When she changed at Jamaica, the second bus was empty, its door left open, its engine idling. She sat on it alone for ten minutes, chilled, headachy from the diesel fuel, before she got off to ask the dispatcher if the driver was going to come. “He’s coming,” the man said, waving her away. When she returned to the bus, there were two people sitting in the front and she said to them, with great dignity, “I’ve already waited here twenty minutes and there’s no sign of a driver.” They looked at her impassively-a black woman and a young black man-and then looked over her shoulder to the driver, also black, who was swinging up the stairs. He ducked into his seat and as she turned to hand him her transfer he took his time stowing his things, adjusting his mirrors, taking off his gloves, and then he sat for a second more with both hands on his thighs, staring straight ahead. She had to say, “Here,” and thrust the paper at him. He took it disdainfully, not turning to meet her eye. The other two passengers got up to hand him theirs and he said thank you to both of them. They passed her, going back to their seats, the boy smirking, like good students turning up their noses at the one who had just gotten the reprimand. She was alone here. Middle-aged, aging, a woman alone, making her way between her few safe havens-the Keanes’ house, her office, her own apartment-through the ugly, amber-colored night.

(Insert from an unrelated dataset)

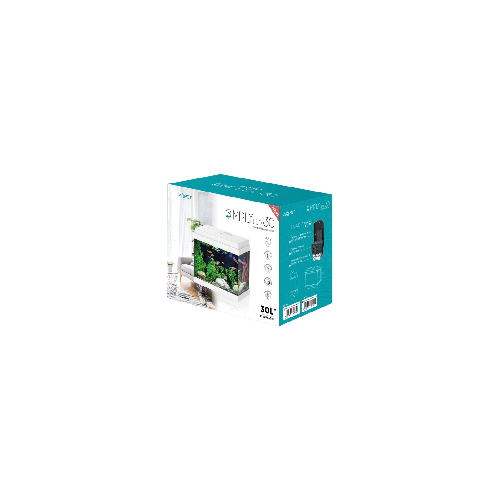 AQPET a simplement mené 30 aquariums ensemble complet avec lumière LED et filtre 30L

She sat down at the far end of the first long seat, her back to the window, her gloved hand on the silver pole. The air of the bus was still chilled from the door being left open so long. Because the door had been left open for so long, the air inside smelled strongly of diesel fuel. She sat forward, on the edge of the molded plastic and leaned down as he made a wide turn out of the terminal. And then another. Although she knew this route as well as any, she suddenly found herself disoriented and she looked out the far window and then over her shoulder and then heard herself say, shouting at him over the wheeze of the bus, “Don’t you go down Jamaica Avenue?”